• **WORK TO BE COMPLETED**
When you reproduce these records, keep every word exactly and drop the images.

----

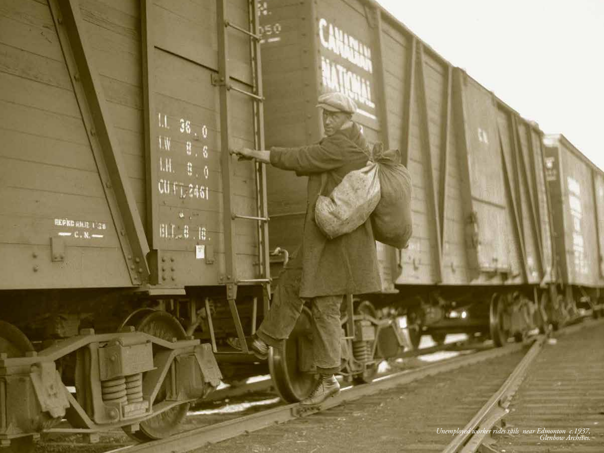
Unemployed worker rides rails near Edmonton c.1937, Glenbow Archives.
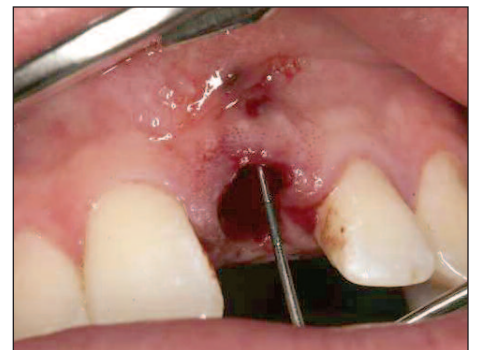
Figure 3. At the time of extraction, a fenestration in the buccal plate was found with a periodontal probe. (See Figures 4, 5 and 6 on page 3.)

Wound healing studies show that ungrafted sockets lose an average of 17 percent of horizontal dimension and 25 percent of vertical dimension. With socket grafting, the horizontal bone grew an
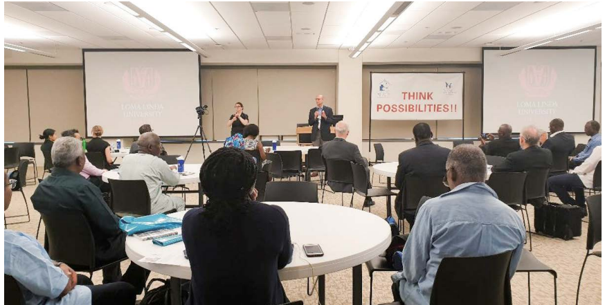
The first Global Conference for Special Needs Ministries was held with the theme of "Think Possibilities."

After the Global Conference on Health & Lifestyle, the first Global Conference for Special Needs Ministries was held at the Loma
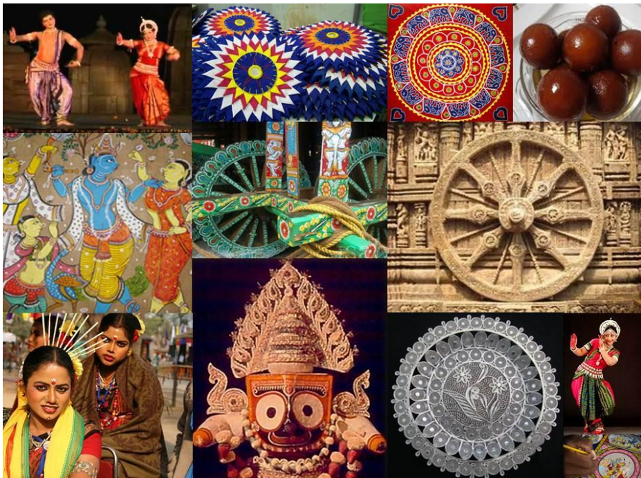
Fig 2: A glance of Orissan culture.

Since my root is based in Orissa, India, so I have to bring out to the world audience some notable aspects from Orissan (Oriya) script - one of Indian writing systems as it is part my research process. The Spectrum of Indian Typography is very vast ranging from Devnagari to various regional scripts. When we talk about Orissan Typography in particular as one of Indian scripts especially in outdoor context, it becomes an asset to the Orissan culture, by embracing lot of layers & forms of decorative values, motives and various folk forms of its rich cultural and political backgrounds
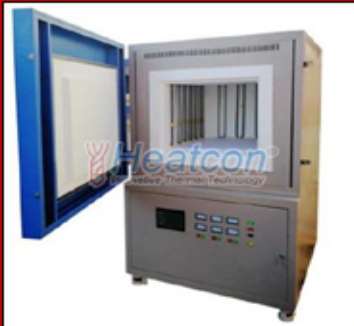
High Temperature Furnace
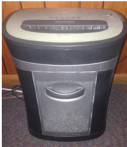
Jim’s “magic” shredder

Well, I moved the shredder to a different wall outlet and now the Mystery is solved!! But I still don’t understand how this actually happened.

----

• **WRITTEN SOLUTION**
Unemployed worker rides rails near Edmonton c.1937, Glenbow Archives.
Figure 3. At the time of extraction, a fenestration in the buccal plate was found with a periodontal probe. (See Figures 4, 5 and 6 on page 3.)

Wound healing studies show that ungrafted sockets lose an average of 17 percent of horizontal dimension and 25 percent of vertical dimension. With socket grafting, the horizontal bone grew an
The first Global Conference for Special Needs Ministries was held with the theme of "Think Possibilities."

After the Global Conference on Health & Lifestyle, the first Global Conference for Special Needs Ministries was held at the Loma
Fig 2: A glance of Orissan culture.

Since my root is based in Orissa, India, so I have to bring out to the world audience some notable aspects from Orissan (Oriya) script - one of Indian writing systems as it is part my research process. The Spectrum of Indian Typography is very vast ranging from Devnagari to various regional scripts. When we talk about Orissan Typography in particular as one of Indian scripts especially in outdoor context, it becomes an asset to the Orissan culture, by embracing lot of layers & forms of decorative values, motives and various folk forms of its rich cultural and political backgrounds
High Temperature Furnace
Jim’s “magic” shredder

Well, I moved the shredder to a different wall outlet and now the Mystery is solved!! But I still don’t understand how this actually happened.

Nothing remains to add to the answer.